ROC AUC: area under the ROC curve
5). Dataset Split: Fixed / Random Split
Fixed split: split dataset once
- Training set: used for optimizing GNN parameters
- Validation set: develop model / hyperparameters
- Test set: held out until reporting final performance
Random split: randomly split dtaset into training / validation / test set
a). Why splitting graphs is special
Image classification: each data point is an image and data points are independent
Node classification: each data point is a node and data points are NOT independent
Solutions
- Transductive setting: the entire input graph can be observed in all the dataset splits (training. validation and test set) and only the (node) labels are split
- Inductive setting: break the edges between splits to get multiple independent graphs
Transductive setting | Inductive setting | |
---|---|---|
training/validation/test | On the same entire graph | On different graphs |
Applications | Node/edge tasks | Node/edge/graph tasks |
b).

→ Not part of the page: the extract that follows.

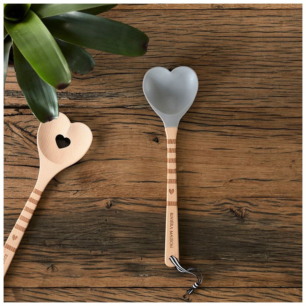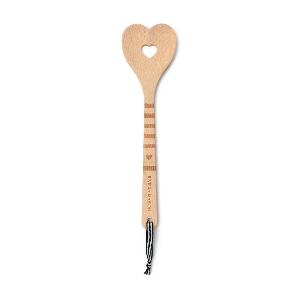 Ponořte se do kuchyně s tímto praktickým nástrojem: přírodní kuchyňskou lžící With Love. Tento kuchyňský doplněk je vyroben výhradně ze dřeva, s vkusnými vypalovanými pruhy a logem RM.

Example: node classification
- Transductive node classification
All the splits can observe the entire graph structure but can only observe the labels of their respective nodes. - Inductive node classification
Each splits contains an independent graph.
c). Example: graph classification
Only the inductive setting is well defined for graph classification because we have to test on unseen graphs.
d). Example: link prediction
- Goal of link prediction: predict missing edges
- Link prediction is an unsupervised / self-supervised task. We nned to create the labels and dataset splits on our own
- Concretely, we need to hide some edges from the GNN and let the GNN predict if the edges exist
Setting up link prediction
Split edges twice
- Step 1: Assign 2 types of edges in the original graph - message edges (for GNN message passing) and supervision edges (for computing objectives). After Step 1, only message edges remain in the graph and supervision edges are used as supervision for edge prediction made by the model, will not be fed into GNN.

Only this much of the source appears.